What is needed is an exact copy of the entries below, with every picture left out.

___ DATA IN THIS EXERCISE

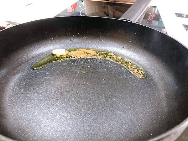 7. 取一個平底鍋,倒入奧利塔披薩(麵包)專用特級初榨橄欖油。
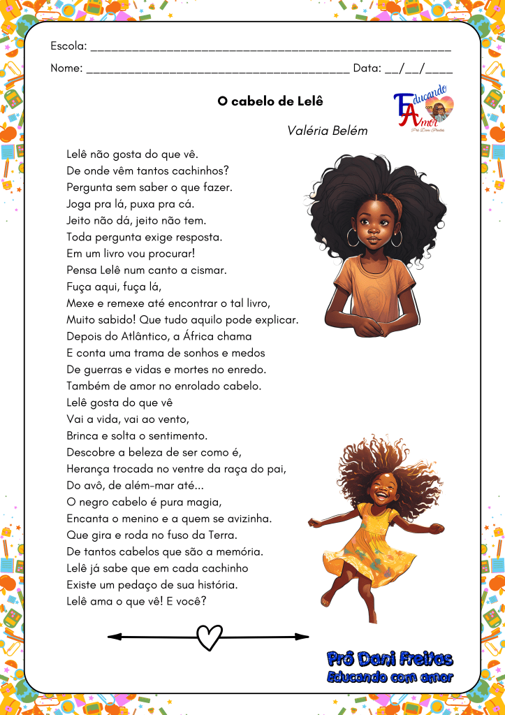 A atividade baseada no texto “O Cabelo de Lelê”, de Valéria Belém, proporciona uma oportunidade valiosa para abordar temas como identidade, ancestralidade, respeito à diversidade e autoestima com os alunos do Ensino Fundamental. Essa prática, além de enriquecer o repertório literário das crianças, contribui para a valorização das histórias e culturas africanas e afro-brasileiras, promovendo uma educação antirracista e inclusiva.
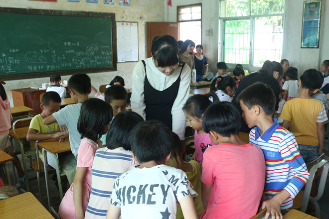 7月10日,今天是昭梦服务队正式开始支教与调研的第一天。早上七点半左右,我们还没有收拾好,上课时间也还没到,但是已有许多孩子在校门外等待。“老师好!”这是我们将孩子迎进校园时听到的第一句话,我们的心头涌起了一种说不出的感受,既兴奋又自豪。我们让孩子们一队队的排列好,由各自班的班主任带到指定的教室开班会。
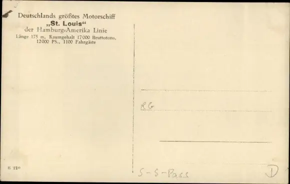 Ak Dampfer St. Louis, Hamburg Amerika Linie, HAPAG
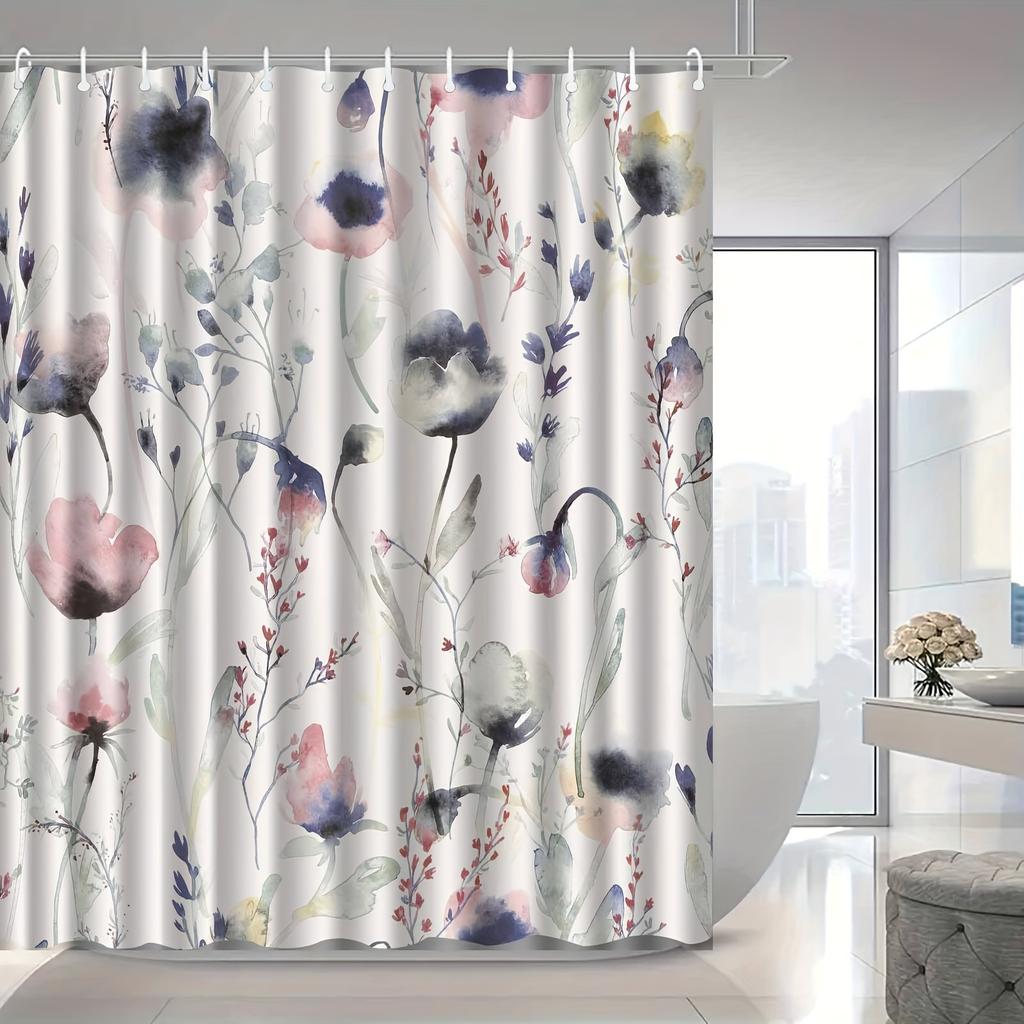 Elegant Floral Shower Curtain, High-End & Anti-Fog, Vibrant Pink/Blue/Purple/Green Flowers, Hooks Included, Bath Decor
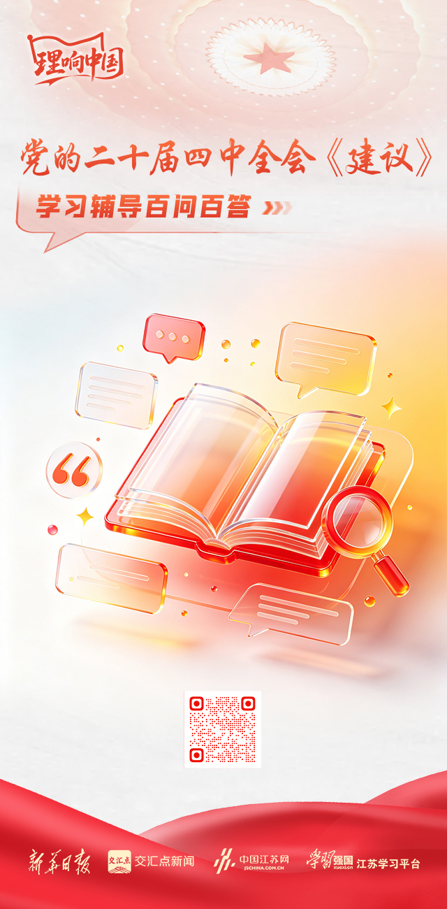 为帮助广大党员、干部、群众深入学习贯彻党的二十届四中全会精神,中国江苏网推出特别策划“党的二十届四中全会《建议》学习辅导百问百答”融媒产品,与您一起,在学思践悟中推动党的创新理论入脑入心。
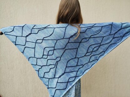 Construction: The shawl is of slightly asymmetrical triangle shape, knitted from one corner starting with just several stitches. The construction is modular, using schematics and charts the shawl can be made bigger or smaller. In case if you are intermediate or advanced knitter using some basic stitches and some principles described in the pattern you can create your own unique version.

______

ANSWER BELOW
 7. 取一個平底鍋,倒入奧利塔披薩(麵包)專用特級初榨橄欖油。
 A atividade baseada no texto “O Cabelo de Lelê”, de Valéria Belém, proporciona uma oportunidade valiosa para abordar temas como identidade, ancestralidade, respeito à diversidade e autoestima com os alunos do Ensino Fundamental. Essa prática, além de enriquecer o repertório literário das crianças, contribui para a valorização das histórias e culturas africanas e afro-brasileiras, promovendo uma educação antirracista e inclusiva.
 7月10日,今天是昭梦服务队正式开始支教与调研的第一天。早上七点半左右,我们还没有收拾好,上课时间也还没到,但是已有许多孩子在校门外等待。“老师好!”这是我们将孩子迎进校园时听到的第一句话,我们的心头涌起了一种说不出的感受,既兴奋又自豪。我们让孩子们一队队的排列好,由各自班的班主任带到指定的教室开班会。
 Ak Dampfer St. Louis, Hamburg Amerika Linie, HAPAG
 Elegant Floral Shower Curtain, High-End & Anti-Fog, Vibrant Pink/Blue/Purple/Green Flowers, Hooks Included, Bath Decor
 为帮助广大党员、干部、群众深入学习贯彻党的二十届四中全会精神,中国江苏网推出特别策划“党的二十届四中全会《建议》学习辅导百问百答”融媒产品,与您一起,在学思践悟中推动党的创新理论入脑入心。
 Construction: The shawl is of slightly asymmetrical triangle shape, knitted from one corner starting with just several stitches. The construction is modular, using schematics and charts the shawl can be made bigger or smaller. In case if you are intermediate or advanced knitter using some basic stitches and some principles described in the pattern you can create your own unique version.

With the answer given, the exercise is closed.